-- PROBLEM REQUIREMENTS --
The reply should contain every line of the data, repeated exactly, and no pictures.

-- DATA BLOCK --

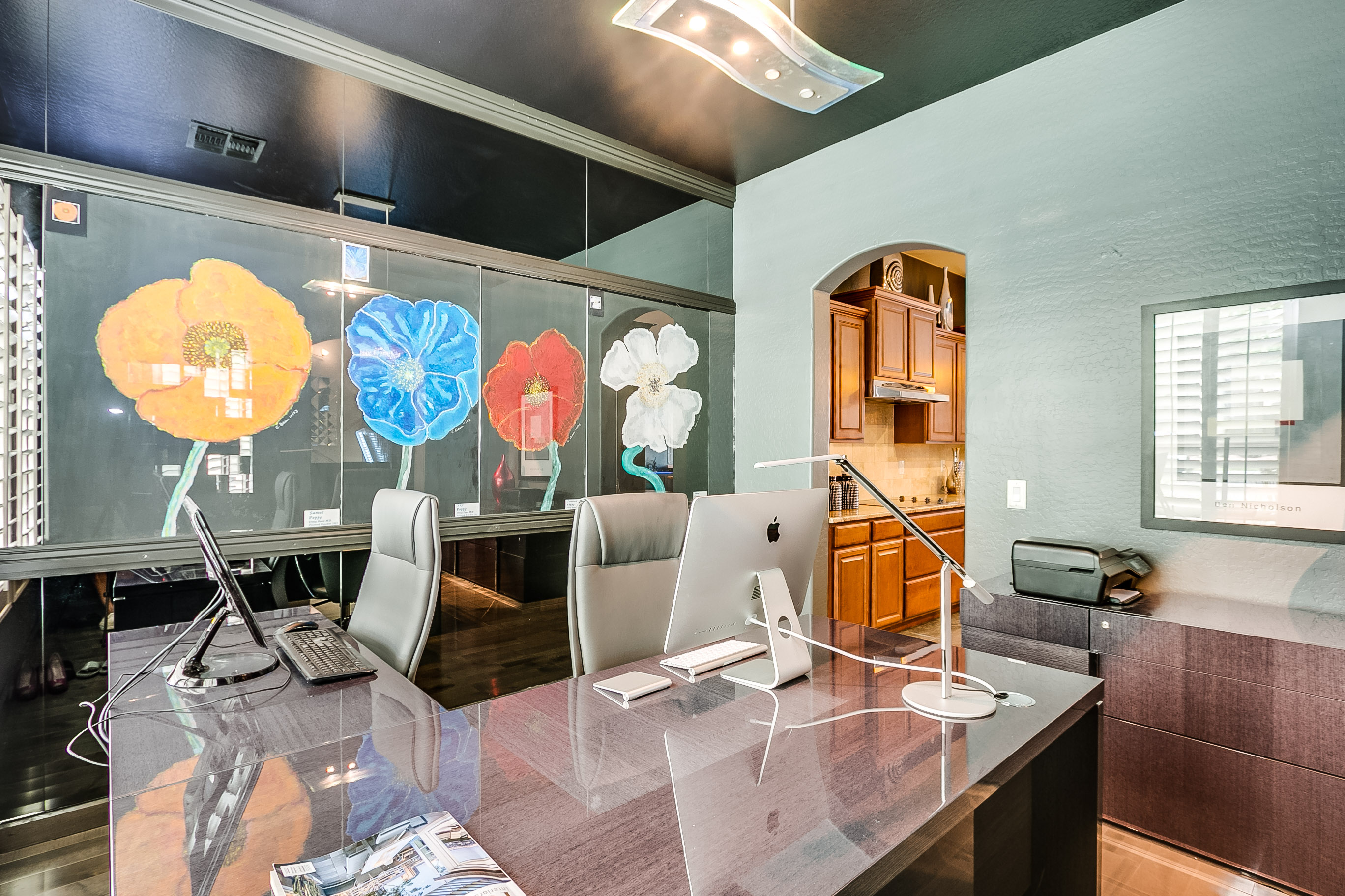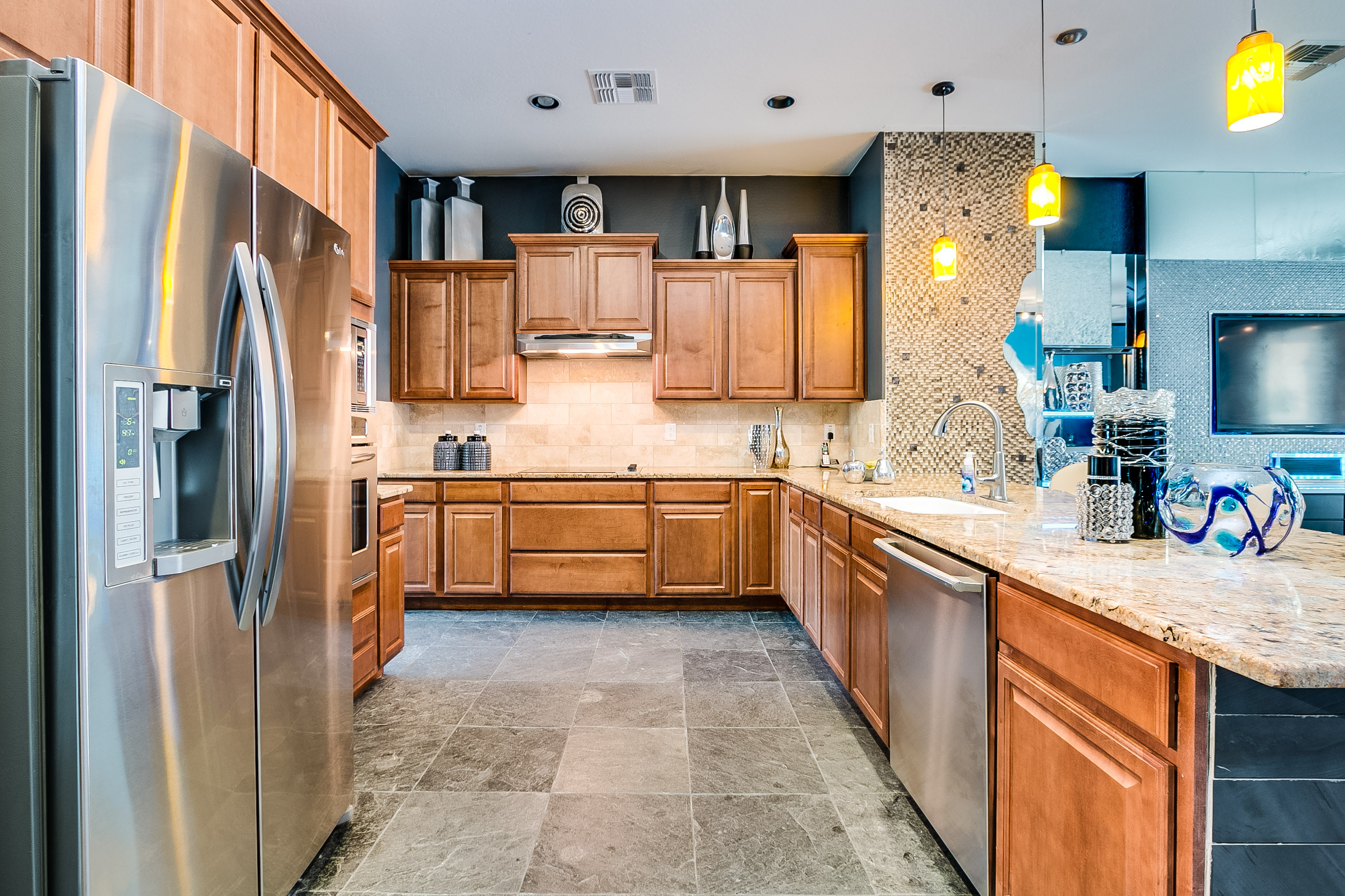 The sleek, sophisticated kitchen has been updated and opens to the living room giving it today’s hottest trend, an open floor. The Custom wrought iron front door is the perfect red bow to complete this masterpiece. You would think it’s the perfect Bachelor or Bachelorette Pad but one of the bedrooms and bathrooms was designed by the owner’s daughter. It’s a must see and I know Anastasia Steel would approve.
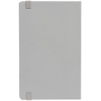 Блокнот в твердой обложке, выполнен из материала Soft Touch, серый СС, дополнен резинкой и ляссе в цвет обложки.
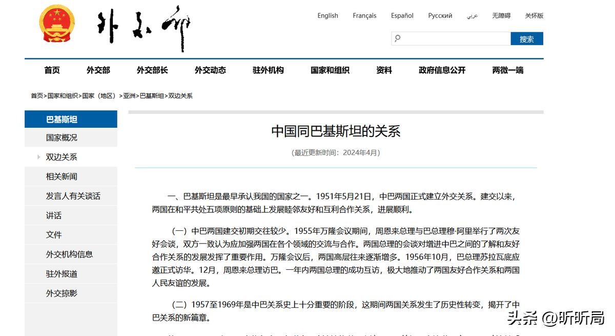 中华人民共和国外交部:2024年4月 “中国同巴基斯坦的关系”

-- WRITTEN ANSWER --
 The sleek, sophisticated kitchen has been updated and opens to the living room giving it today’s hottest trend, an open floor. The Custom wrought iron front door is the perfect red bow to complete this masterpiece. You would think it’s the perfect Bachelor or Bachelorette Pad but one of the bedrooms and bathrooms was designed by the owner’s daughter. It’s a must see and I know Anastasia Steel would approve.
 Блокнот в твердой обложке, выполнен из материала Soft Touch, серый СС, дополнен резинкой и ляссе в цвет обложки.
 中华人民共和国外交部:2024年4月 “中国同巴基斯坦的关系”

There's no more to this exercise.